Just like that–Thanksgiving is over. The week before dragged itself to Thursday, and now it’s the Tuesday after. Leftovers from Thanksgiving can hardly suffice for a snack, new workout plans have been established to fight off the extra pudge and the orange-and-brown decorations have been packed up and replaced with the green, red and silver that can only mean one thing: Christmas.
Radio stations switch over to their 30-song loop, celebrities who don’t even have a decent regular season album are announcing their Christmas albums as if they were Michael Bublé, and no one else is Michael Bublé than Michael Bublé during Christmas.
Even social media starts bursting with proclamations of Christmas being the favorite holiday of the year.
It all starts with Black Friday—Thanksgiving deals are just the beginning. Once the game of “what brand of pumpkin pie to buy” is over, once we’ve all said grace for the immeasurable blessings we have as American citizens, Black Friday descends and we claw and gut-punch our neighbors to buy another TV, fridge or Xbox. It’s the beginning of an ingrained ideology of the holidays that Christmas time is the time of spending, of empty wallets come January and materialism.
But what exactly is so special about Christmas anyway? Is it the time of family, cinnamon scented everything, of generosity and good will among men? It used to be. But since the advent of credit cards, Christmas has become a whole other animal.

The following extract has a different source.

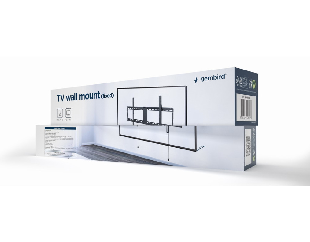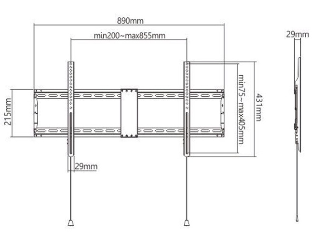 Надпотужний сталевий фіксований настінний кронштейн для РК-екрана. Підтримує більшість РК-телевізорів з діагоналлю екрана від 43 до 90 дюймів. Автоматичні пружинні замки зі швидкознімними шнурами для легкої установки. Сумісність із VESA, макс. 800 мм х 400 мм. Відстань до стіни: 29 мм. Включає всі необхідні монтажні матеріали. |
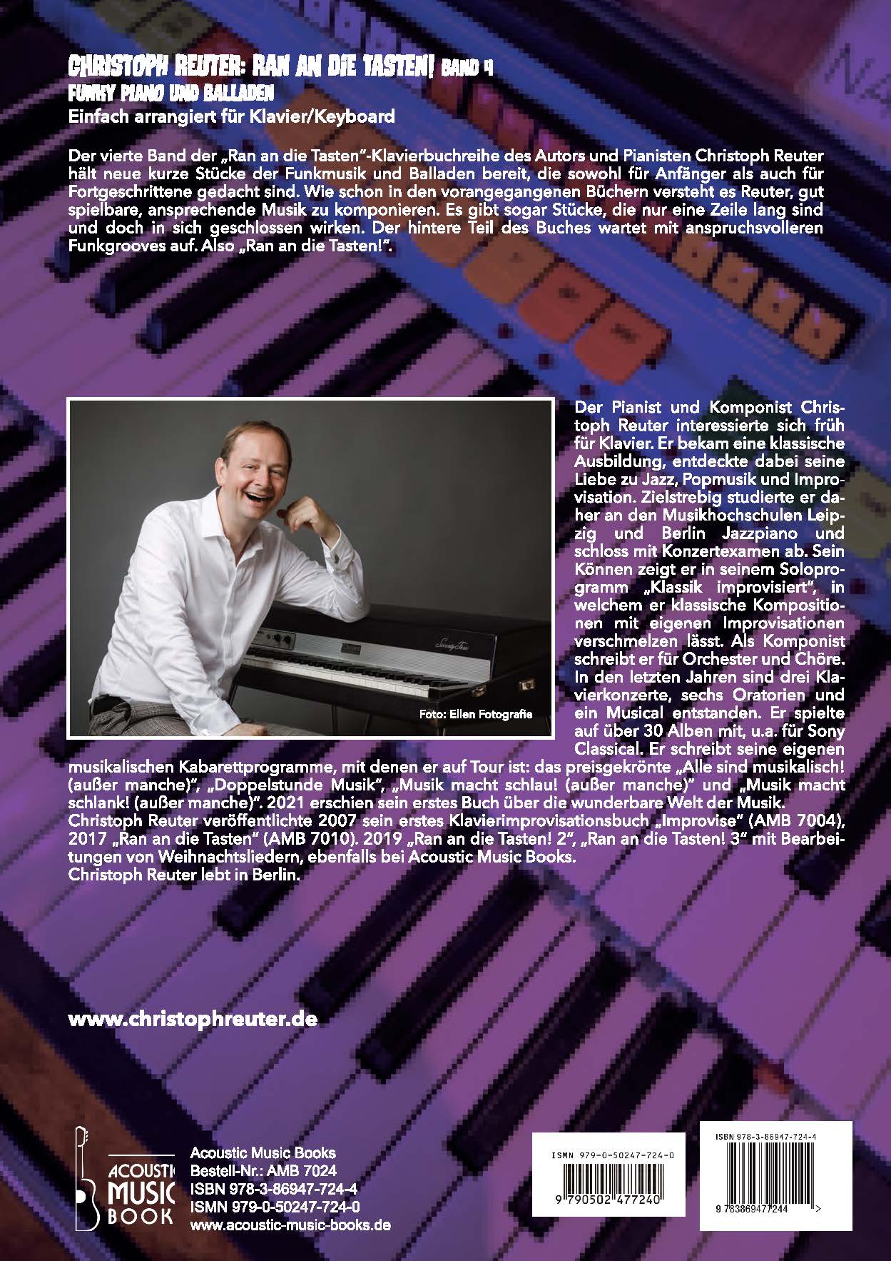 Neue, groovige Funkmusik und entspannten Balladen für Anfänger am Klavier/Keyboard stellt Komponist und Pianist Christoph Reuter im 4. Band der Reihe "Ran an die Tasten" vor. Auch diejenigen, die schon einige Zeit Klavier spielen, bekommen neue Anregungen. „Funk“ ist im traditionellen Klavierunterricht selten zu finden. Mit den kurzen Grooves wird der Unterricht populär angereichert und das Rhythmusgefühl der Schülerinnen und Schüler enorm verbessert. Die Balladen bilden bewußt einen deutlichen Kontrast und sorgen für Entspannung und stärken das melodische Empfinden.

The Christmas we have come to love—at least the Christmas our friends on social media talk about—was born from consumerism, literally.
As one example, the glowing image of Santa Claus was not how Saint Nick looked like, but was an image brought to the American imagination by Coca-Cola in the 1930s. This is not a conspiracy theory, it’s proudly proclaimed on the Coca-Cola website.
If you wanted to celebrate Christmas the way Saint Nicholas began it, everyone would receive oranges in their stocking. But we don’t do that, because you can’t Snapchat on an orange.
I guess I would be more at peace with the holiday if it meant more than an increase in spending. Not just presents, but in electricity. Houses are trimmed with lights and the tree lit up just the same, meanwhile, families in India burn piles of cow poop to heat their stoves (never thought I’d use the word poop in a newspaper column).
As it is, one American uses as much energy as 30 Indians, six Mexicans, and, according nationmaster.com, 128 Bangladeshis, 307 Ethiopians, 370 Tanzanians, and, as a huge shock to me, two Japanese. Do you know how much energy Japan uses? A lot. One American uses more energy than a Japanese. It isn’t because we need it. It’s because we believe we need to check our social media feeds every 30 seconds to see how many likes and shares we got on our most recent post.
There are some attempts to purge the holiday from its materialism, but even then the logic is a misfire. I wouldn’t be complaining if the “keep Christ in Christmas” movement was working beyond getting more crosses around necks. It may be that the Lord’s love is overpowering and soul quenching, but I’m pretty sure, for most starving folks, a sandwich would better suit them.
With this attitude, I am, by definition, a scrooge. But I don’t hate Christmas intrinsically, I just don’t think we should be celebrating it when the air and ocean are becoming toxic, the Native Americans are getting screwed out of land (again), and dying of hunger is still a thing, despite the fact I could throw a rock in any direction and hit an opportunity for food. We have a lot to be thankful for, and I mean a lot.
Even now, as we continue to digest the massive meal we ate probably in a heated home and surrounded by people we love, a community of Native Americans out in North Dakota are camped in tents, taking rubber bullets and concussion grenades in order to stand for something they believe in.
Meanwhile, Christmas trees are going up, lights are strung and Santa lists are being made as if there is no greater worry in the world than buying the right jacket in which to stay warm.